By Robin Rowland, CBCNews.ca

Sony launched its new “flagship” Digital Single Lens Reflex camera today, the Alpha 900, the company’s first real entry into the professional still camera market. (Sony, of course, has dominated the professional video camera market for the past 20 years and has had a strong presence in the consumer point and shoot market.)

Canon, Sony’s chief rival, has been the camera of choice for many professionals since their cameras went digital, with Nikon a close second.

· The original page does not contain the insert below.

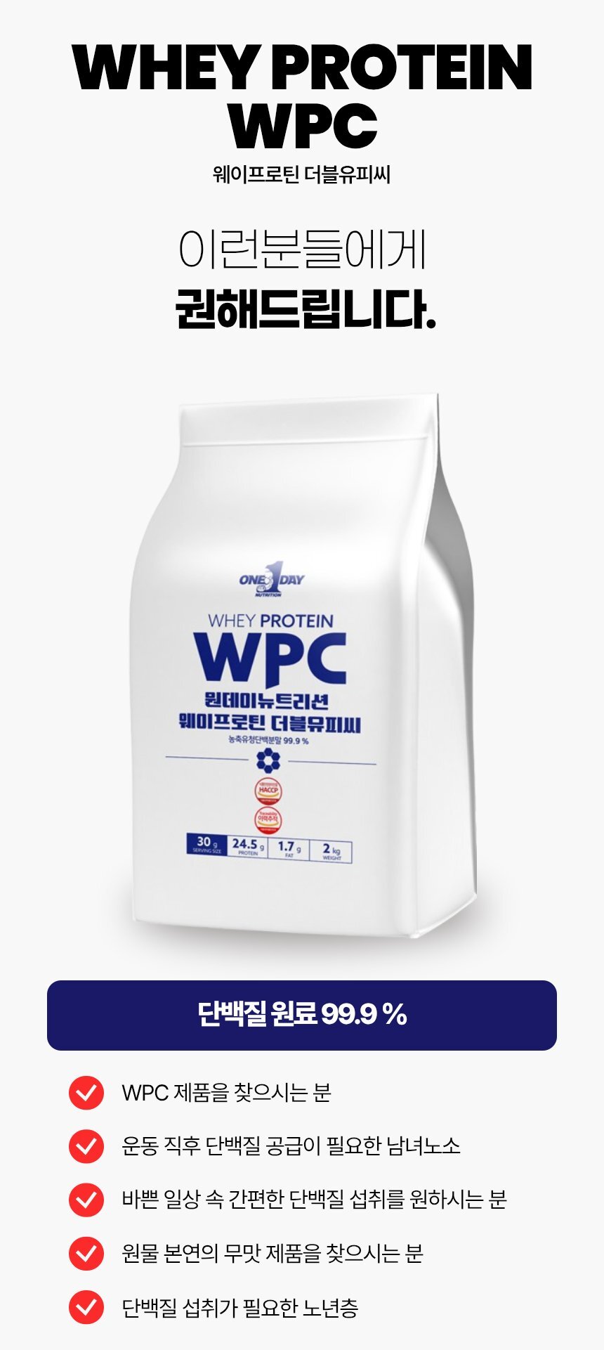 韓國ONE DAY WPC 24.5gProtein 低糖低脂supplement 2kg

On Friday, Canon tried to steal a march on Sony with teasers on its U.S. website, a simple flash animation of a moon and a camera body with the slogan “Destined Evolution.” The UK site has a floating Canon camera body plugging the “future of photography.” There is plenty of online speculation that Canon will soon launch a new version of its EOS 5D, the company’s second-level professional camera.

Somehow, the advertising and promotion people at both Sony and Canon seem to be inspired by a 40-year-old movie, 2001 A Space Odyssey. You can imagine a Canon lens as a giant (grey not black) pylon on the surface of the moon. The slick Sony video presented at this morning’s launch in Toronto has a sun rising over a desert landscape and while the theme wasn’t “Also sprach Zarthusa,” the electronic music with its fanfares continued as the video camera (for a still camera launch?) zoomed across landscape after landscape. All that was missing was a shot of the new 70-400mm Sony G Series lens again standing in the desert like the Space Odyssey pylon to encourage the intelligent evolution of photography.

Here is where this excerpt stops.